Objectives: We aim to investigate the prevalence of respiratory syncytial virus (RSV) and human metapneumovirus (hMPV) among pediatric patients with acute respiratory tract illness (ARTI) in southern China both pre- and post-COVID-19 pandemic, as well as identify associated risk factors for severe infections.

Methods: The study conducted a real-time PCR analysis on hospitalized children with ARTI from 2012 to 2023, specifically targeting RSV, hMPV, and other respiratory pathogens. Additionally, demographic data was collected during this analysis.

Results: The prevalence of RSV occurs triennially, and likewise, the temporal pattern of hMPV outbreaks mirrors that of RSV. The peak infection rates of RSV and hMPV occurred during and following the implementation of COVID-19 epidemic prevention and control measures. The incidence of RSV infection exhibited bimodal peaks in 2022, while hMPV demonstrated seasonal peaks during the spring, fall, and winter periods post-COVID-19 pandemic. After the COVID-19 outbreak, there has been an upward trend in the proportion of female patients and patients aged one year and older presenting with ARTI, RSV infections, and hMPV infections. Infant (OR = 4.767, 95%CI: [3.888–5.846], p < 0.0001), presence of co-infection (OR = 0.540, 95%CI: [0.404–0.722], p < 0.0001), and existence of comorbidities (OR = 1.582, 95%CI: [1.285–1.949], p < 0.0001) was the risk ratio for the severity of RSV infection. Children infected with hMPV under the age of 1 year (OR = 0.322, 95%CI: [0.180 – 0.575], p < 0.0001), as well as those with comorbidities (OR = 8.809, 95%CI: [4.493 – 17.272], p < 0.0001), have a higher risk of developing severe illness.

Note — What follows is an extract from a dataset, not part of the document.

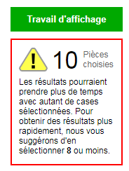 Le compteur « Pièces choisies » signalera lorsque le nombre de Types de pièce choisis atteint un niveau qui pourrait avoir un impact sur le rythme d’affichage des résultats. Vous aurez la possibilité de continuer; cependant, l’affichage des résultats pourrait prendre plus de temps.

Conclusion: The changing epidemiological patterns have the potential to lead to widespread severe outbreaks among children, particularly those with underlying medical conditions who may experience more severe symptoms. Conducting surveillance for pneumoviridae viruses in children is an imperative measure to establish a robust foundation for future epidemic prevention and treatment strategies.

Introduction

Pneumoviridae comprises large enveloped negative-sense RNA viruses, which was formerly a subfamily within the Paramyxoviridae family but was reclassified by The International Committee on Taxonomy of Viruses (ICTV) in 2016 as a separate family with two genera, Metapneumovirus (which includes human metapneumovirus, hMPV) and Orthopneumovirus (which includes respiratory syncytial virus, RSV) (Rima et al., 2017).

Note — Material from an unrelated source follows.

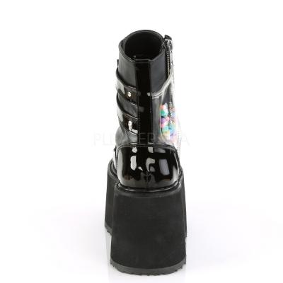 3 1/2 インチ (90 mm) w/ダブル フック N プラットホーム編み上げ足首ブート ' ループのストラップ、様々 な金属外、魔性の女の魅力の装飾品とスパイクを含むパネル ポケット外クリア PVC ジッパー閉鎖

RSV causes acute respiratory tract illness (ARTI) in individuals of all age groups (Nam and Ison, 2019; Li et al., 2022). The majority of children acquire the infection by the age of two, and recurrent infections are frequently observed (Boivin et al., 2002; Nduaguba et al., 2023). The hMPV virus is capable of causing respiratory tract infections in individuals across all ages, with symptomatic disease being most commonly observed among young children and older adults (Boivin et al., 2002). Many children who are infected by RSV or hMPV are typically less than one year old (Canducci et al., 2008; Wang et al., 2020).

RSV is responsible for seasonal outbreaks of respiratory tract illness worldwide, typically occurring during the winter months (Obando-Pacheco et al., 2018). hMPV exhibits a seasonal pattern, with peak activity in late winter and early spring in temperate regions, and late spring and summer in semitropical areas (Haynes et al., 2016). The multifaceted nonpharmaceutical interventions implemented during the COVID-19 pandemic not only reduced the transmission of SARS-CoV-2 but also impacted the prevalence of other viruses. Studies have shown that the COVID-19 pandemic influenced the prevalence of RSV and hMPV (Yeoh et al., 2021; Kivit et al., 2022).

RSV can lead to severe lower respiratory tract disease, including bronchiolitis, bronchospasm, pneumonia, and acute respiratory failure in pediatric patients (Nair et al., 2010). Lower respiratory tract disease usually occurs with primary infection and may manifest in over 50% of secondary infections (Glezen et al., 1986). hMPV mainly affects children who are asymptomatic or have an upper or lower respiratory tract infection. The most common reasons for hospitalization in hMPV-infected children are acute bronchiolitis and pneumonia (Boivin et al., 2002; Wang et al., 2020). The severity of the disease may be heightened in cases of concurrent infection with RSV. Among children under two years old infected with RSV, co-infection with hMPV has been linked to severe RSV bronchiolitis and the necessity for admission to the intensive care unit (Semple et al., 2004).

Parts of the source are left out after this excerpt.